The protein quantitation of lower abundant proteins from urine can be realized only using cleanup procedures, such as protein enrichment by ultrafiltration,[24,39] membrane immobilization,[40] chemical precipitation,[41,42] peptide enrichment by solid-phase extraction (SPE),[22,23] or stable isotope standards and capture by anti-peptide antibodies (SISCAPA).[43] In this study, we minimized the urine matrix effects in protein quantitation by the introduction of an immunocapture step. We experienced major urine matrix effects when using other sample preparation strategies for the analysis of urine samples with wide-ranging protein concentrations. Specifically, the nonspecific proteolytic activity of endogenous proteases during incubation at 37 °C, the variable digestion efficiency in urine samples with high total protein content, and the inconsistent degree of ion suppression in ESI during the LC-MRM-MS analysis hampered a robust protein quantitation. In particular, proteinuria and hematuria can be expected in urinary samples obtained in the clinical target population. The current sample preparation strategy is antibody-dependent, which can be accompanied by increasing costs and potential batch-to-batch variations. The antibody specificity was considered less critical for this LC-MRM-MS method compared with immunoassay-based strategies because the analytical specificity was obtained by a direct MS read-out of the measurands. The antibody-based enrichment of target proteins prior to enzymatic digestion enables the quantitation of lower abundant proteins and overcomes the specimen-dependent matrix effects.

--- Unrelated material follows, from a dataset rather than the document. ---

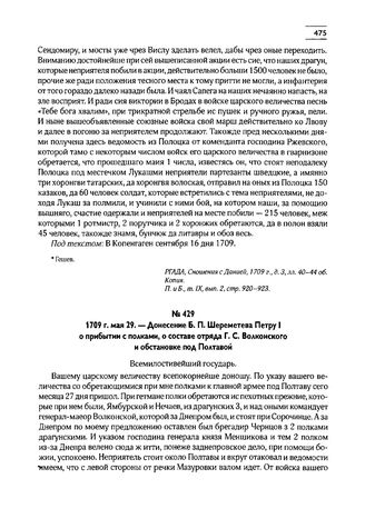 1709 г. мая 29. — Донесение Б.П. Шереметева Петру I о прибытии с полками, о составе отряда Г.С. Волконского и обстановке под Полтавой // РГАДА, Каб. П. В., отд. II, кн. 10, лл. 285 и об. Подлинник. П. и Б., т. IX, вып. 2, стр. 916-917.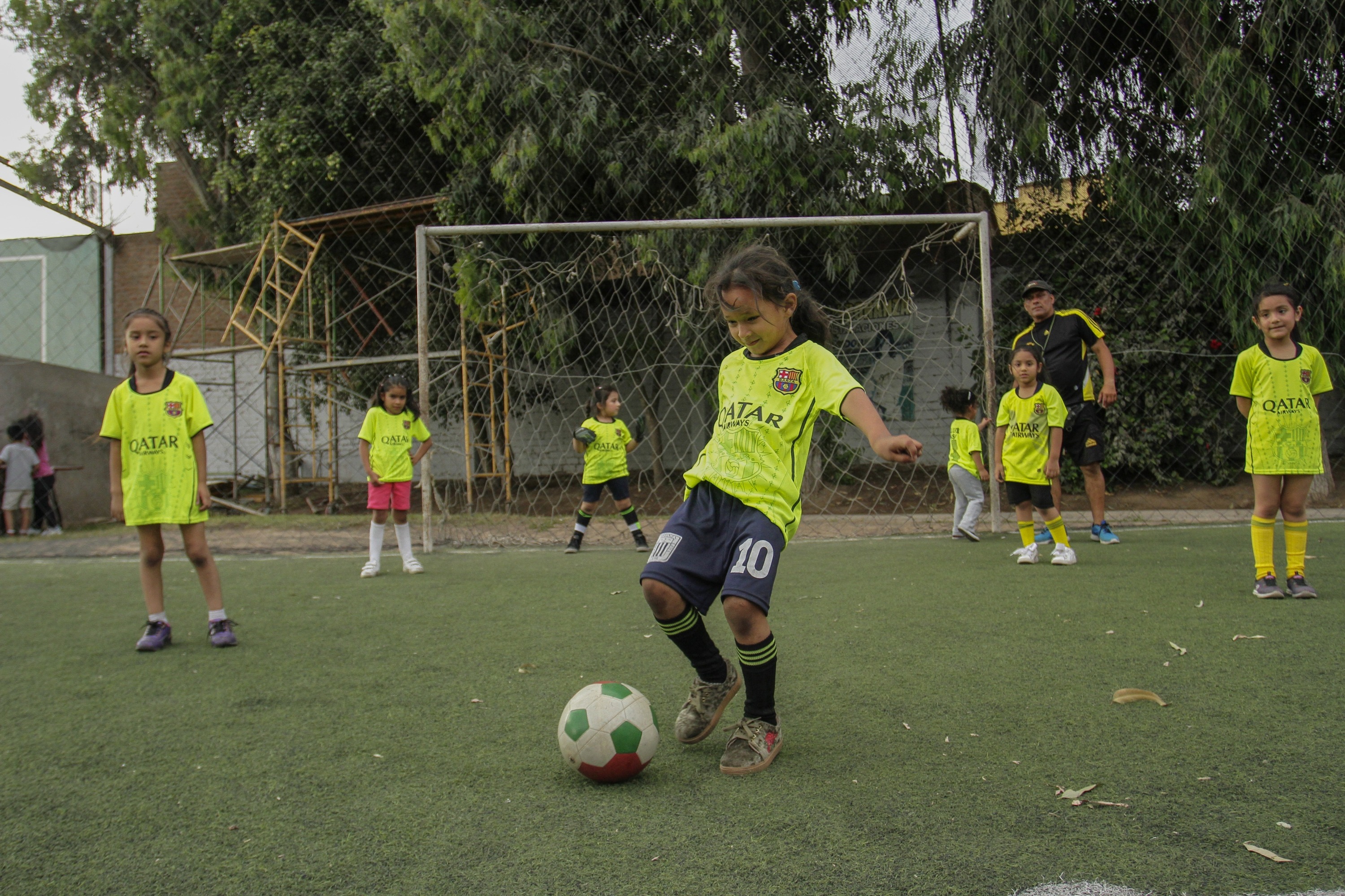 Más allá se prepara Cataleya Ortiz. A sus seis años, ya ha participado en campeonatos de fútbol en su barrio de San Juan de Miraflores. Ser la hija mayor hizo que su padre jugara a patear la pelota con ella. Así nació su gusto por los goles. Ahora, es la primera en llegar a los entrenamientos.

The provisional analytical validation of the LC-MRM-MS method demonstrated that the predefined criteria for carryover, matrix effects, and linearity were actually met for the proteins NGAL, TIMP-2, IGFBP7, KIM-1, CXCL9, SLC22A2, nephrin, and uromodulin. The analytical selectivity in our test was generally optimal; however, the quantitation of cubilin and CXCL9 was achieved by only one peptide due to poor qualifier peptide responses. The achieved average imprecision of 26% for the quantifier peptides was near the predefined desirable CV ≤ 25%. We expect that this level of imprecision should not affect the clinical performance when taking into consideration the high biological variation of these urinary biomarkers and the previously observed biomarker fold increases under pathological conditions.[18,19,44] However, it remains to be evaluated whether this imprecision affects the clinical decision making or the clinical outcome.[16] Automation of the sample preparation should be considered to improve the test imprecision and the long-term robustness.[25,45] Furthermore, the analytical validation needs to be completed by an examination of the test accuracy by spiking or a measurement procedure comparison.[28,46]

In a proof-of-principle study, we showed that the LC-MRM-MS test enabled the quantitation of kidney injury biomarkers from patient samples. The value in terms of the clinical and cost effectiveness of this kidney injury panel has to be proven in randomized clinical trials; however, it is anticipated that this multiplex protein test will enable the early detection of kidney injury prior to progression into a full kidney insult. New treatment regimens and clinical guidelines should then be developed to prevent chronic kidney disease progression. In addition to the well-studied early kidney injury biomarkers, inflammation, fibrosis, and kidney-tissue-enriched proteins have been added to the biomarker panel to study the potential etiology underlying the encountered kidney injury. We believe that this multiplex urinary protein test will enable a molecular and refined definition of kidney injury, contributing to personalized protocols for the prevention of and timely intervention in acute and chronic kidney damage.